Steven Semes, author of The Future of the Past: A Conservation Ethic for Architecture, Urbanism, and Historic Preservation (a voice of reason in the confused world of historic preservation), has called attention to the new plague of parasitic architecture:

It seems that the currently fashionable architects are competing to plant their “contemporary stamp” on the historic face of the Eternal City. It all began with the completion in 2005 of Richard Meier’s Museum of the Ara Pacis, which seems to have opened the way for new Modernist architecture in the city. Upon its completion, the Meier building prompted protests even from the mayor of Rome, and now its entry plaza is to undergo a makeover in answer to some of the criticisms that met its debut, most notably the wall that blocks the view of two Neo-classical churches from the riverside boulevard of the Lungotevere.

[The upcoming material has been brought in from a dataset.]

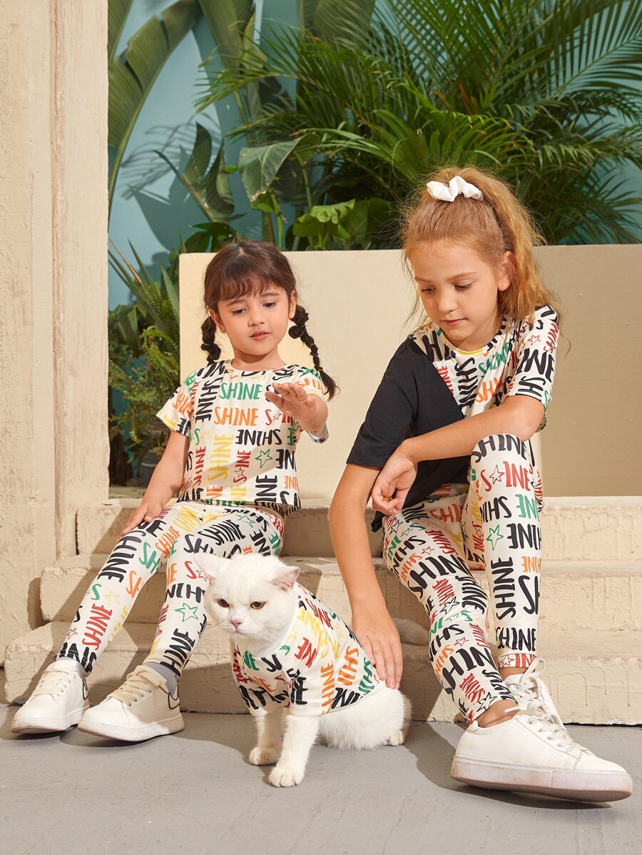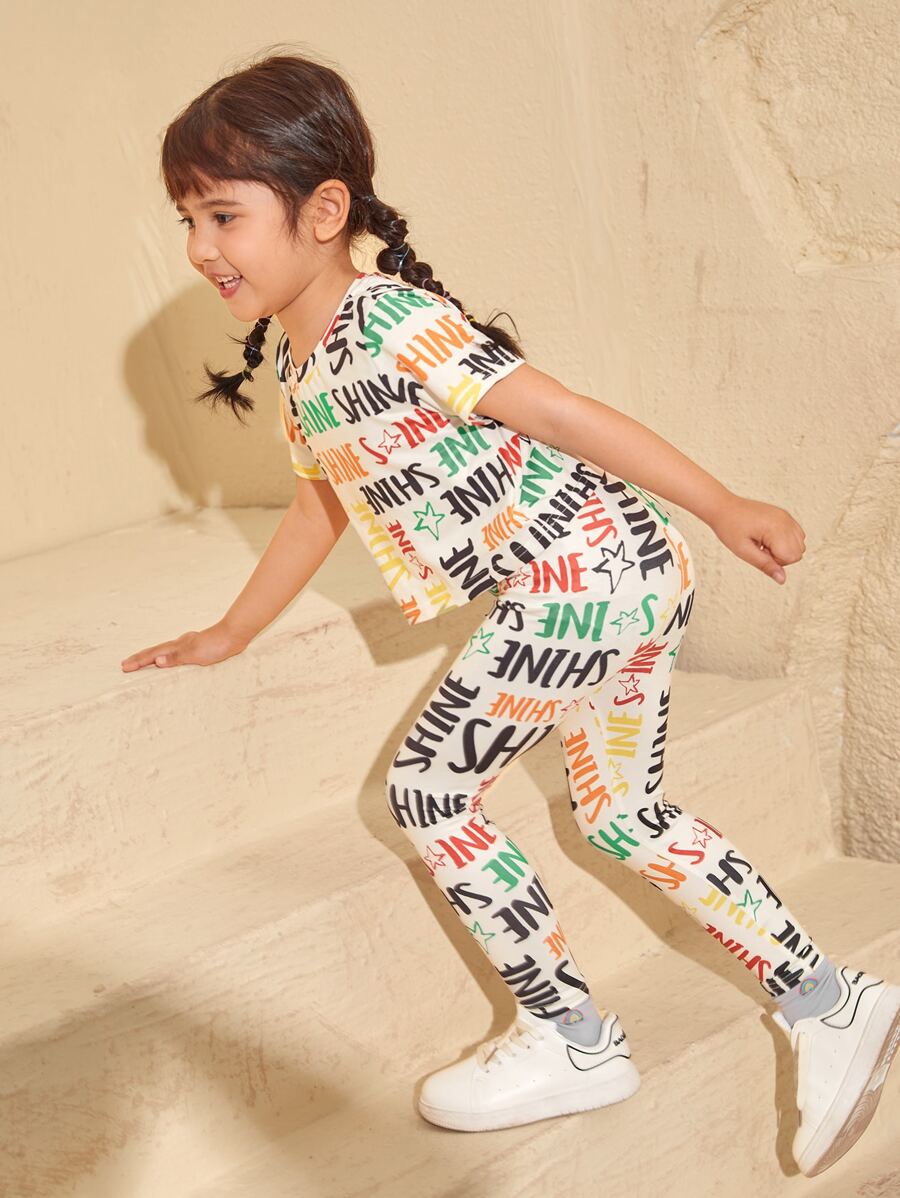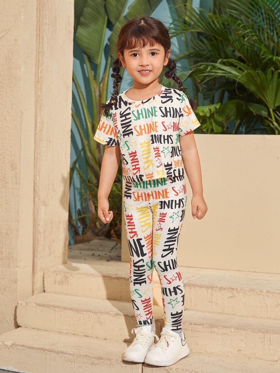 لباس علوي طباعة نجوم وحروف قطعة واحدة لفتاة صغيرة

MAXXI Museum by Zaha Hadid. Photo by Steven Semes.

As disturbing as the counter-contextual imposition of Meier’s building is, there is something worse afoot in Rome: the gutting of historic buildings of more recent vintage and their incorporation into crudely cannibalistic new construction. Modernist architects are becoming perversely parasitic in this way: They insist on using historic structures as a “foil” to their unprecedented forms and high-tech materials. Aggressive “shards” and “blobs” are suddenly exploding from the bellies of older buildings like the creature in the movie “Alien” that burst out of the abdomen of an ill-fated earthling. Daniel Liebskind’s Contemporary Jewish Museum in San Francisco and War Museum in Dresden are the best known examples of this approach.

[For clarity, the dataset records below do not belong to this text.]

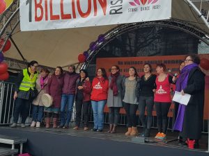 Amerikalı aktivist Eve Ensler tarafından başlatılan V-Day hareketi öncülüğünde dünya genelinde her yıl 14 Şubat’ta kadınlar şiddete karşı dans ediyor. Almanya’da da bu yıl 3. sü düzenlenen “One Billion Rising” etkinliğinde kadınlar ‘zincirlerimizi kıralım’ adlı şarkıyla dans etti.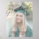 A modern and elegant graduation welcome poster to surprise your newly grad. It features a script lettering and a photo of the graduate.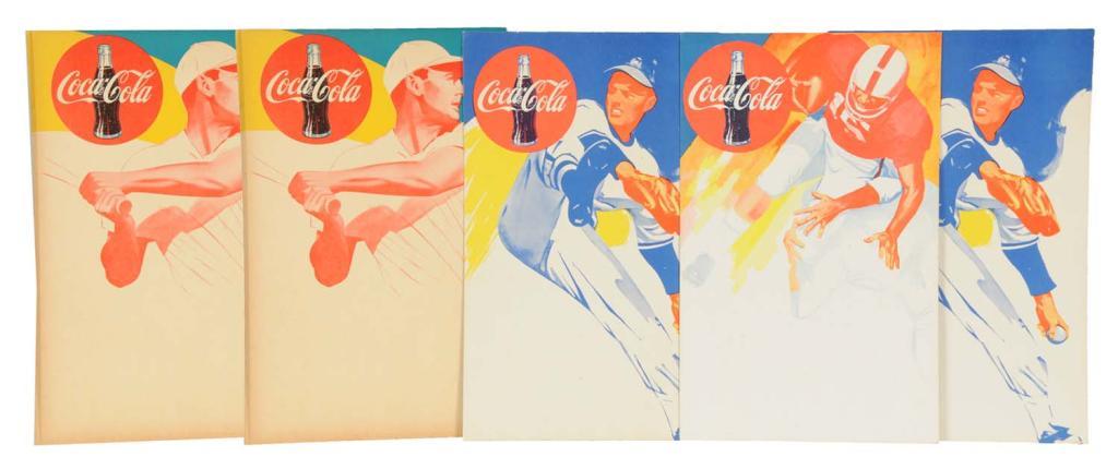 Includes four baseball images and one football. All were never used. Light overall soiling and minor marks with slight ambering. Condition (8.0 - 8.5, Excellent). Size All: 13" x 21".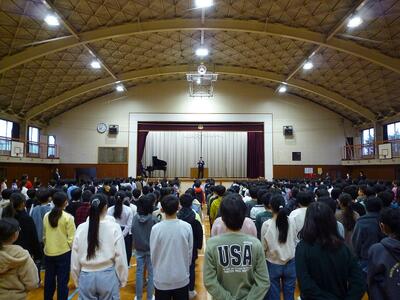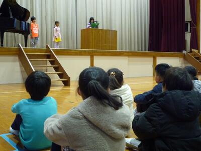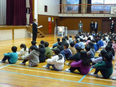 2年生、3年生、6年生の代表児童が、「音楽会で心を一つ歌うことができたこと」、「運動会の開会式で準備体操を堂々とできたこと」など、2学期の振り返り、感想を発表してくれました。終業式のあと、冬休みを安全に過ごすための注意点について話をしました。(おうちの人に行き先を伝えること、自転車の飛び出しやヘルメットの着用、お金の使い方等)

Turning to the example of Zaha Hadid’s MAXXI Museum in Rome, Semes comments:

Hadid uses the existing building simply as a shell, hollows it out, paints it white and makes it all but disappear, nearly overwhelmed by the onslaught of the new structure that seems to be attacking it like some colossal monster in a science-fiction film. But, unexpectedly, the old structure’s dignity of composition, satisfying proportions and human scale resist the architect’s act of appropriation. It stands its ground, still recognizable as architecture, refusing to be destroyed. This persistence must keep Hadid awake at night. Not allowed to demolish the buildings, she is powerless to rob them of their meaning, despite the considerable effort she gives to the task.